Afinada com essa perspectiva, Post Fossil, segundo ele, foi concebida para ser percorrida em ritmo lento. "E com olhos - e os sentidos - bem abertos", alerta Gaon. "Li realizou uma abrangente seleção de fósseis do futuro, com base em seu entendimento de que a melhor forma de o entendermos é voltar nossos olhos para o passado, revivendo o que há de primordial no homem - contrariando o senso comum, que privilegia a especulação científica e a abordagem tecnológica."

Conhecida por seu olhar visionário, Li Edelkoort, que dirigiu a vanguardista Academia de Design de Eindhoven, na Holanda, entre 1999 e 2008, acredita que estamos no alvorecer de uma nova era. Para ela, a sociedade está pronta para abandonar as convenções, regras e estigmas herdados do século passado. "É hora de romper com a mentalidade materialista, substituindo-a pela materialização de ideias", afirma.

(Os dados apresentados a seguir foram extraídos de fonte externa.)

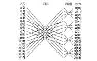 図1は、バタフライ演算器を用いた16点FFTの処理構成を示す図である。図1に示すように、16点FFTは、基数4のバタフライ演算が2段で実現できる。図2は、バタフライ演算器を用いた32点FFTの処理構成を示す図である。図2に示すように、32点FFTは、基数4のバタフライ演算が2段と、基数2のバタフライ演算が1段で実現できる。なお、図1、2においては、2本の線が交差した記号は基数2のバタフライ演算を表し、4本の線が○(白丸印)で交差する記号は基数4のバタフライ演算を表している。 FIG. 1 is a diagram showing a 16-point FFT processing configuration using a butterfly calculator. As shown in FIG. 1, the radix-4 butterfly operation can be realized in two stages in the 16-point FFT. FIG. 2 is a diagram showing a processing configuration of a 32-point FFT using a butterfly calculator. As shown in FIG. 2, the 32-point FFT can realize a radix-4 butterfly operation in two stages and a radix-2 butterfly operation in one stage. In FIGS. 1 and 2, a symbol in which two lines intersect represents a radix-2 butterfly operation, and a symbol in which four lines intersect with a circle (white circle) represents a radix-4 butterfly operation. .
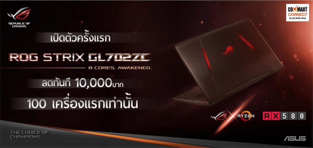 เปิดตัวการขายครั้งแรกในประเทศไทย กับเกมมิ่งโน้ตบุ๊ค ที่ใช้ CPU AMD Ryzen7 ระดับ 8 คอร์ กับรุ่น ROG Strix GL702ZC-GC256T พร้อมรับส่วนลดทันทีมูลค่า 10,000 บาท จำนวนจำกัดเพียง 100 เครื่องเท่านั้น และทุกรุ่นพร้อมผ่อน 0% นาน 10 เดือน กับบัตรเครดิตที่ร่วมรายการ

Retrato do atual momento, Post Fossil tem como elemento referencial a natureza - tanto sua beleza e seus recursos quanto sua preservação. Ela ocupa papel central nas obras de cerca de 60 criadores de todo o mundo selecionados por Li com o objetivo explícito de sugerir que, ao contrário do que se poderia supor, o futuro do design pode bem mais estar no arcaico e no primitivo do que na pesquisa incessante de novos materiais e processos.

Um dos nomes referenciais da atualidade, o alemão Maarten Baas, por exemplo, comparece à mostra com uma coleção de objetos revestidos, à mão, com argila, revelando sua abordagem intuitiva do design. Já JuliaLohmann quer discutir a relação que as pessoas têm com os animais com a série de bancos-vaca, que uns acham inusitados e outros, simplesmente perturbadores. As peças, revestidas de couro, causam impacto, pois reproduzem detalhadamente as formas do animal, sem a cabeça.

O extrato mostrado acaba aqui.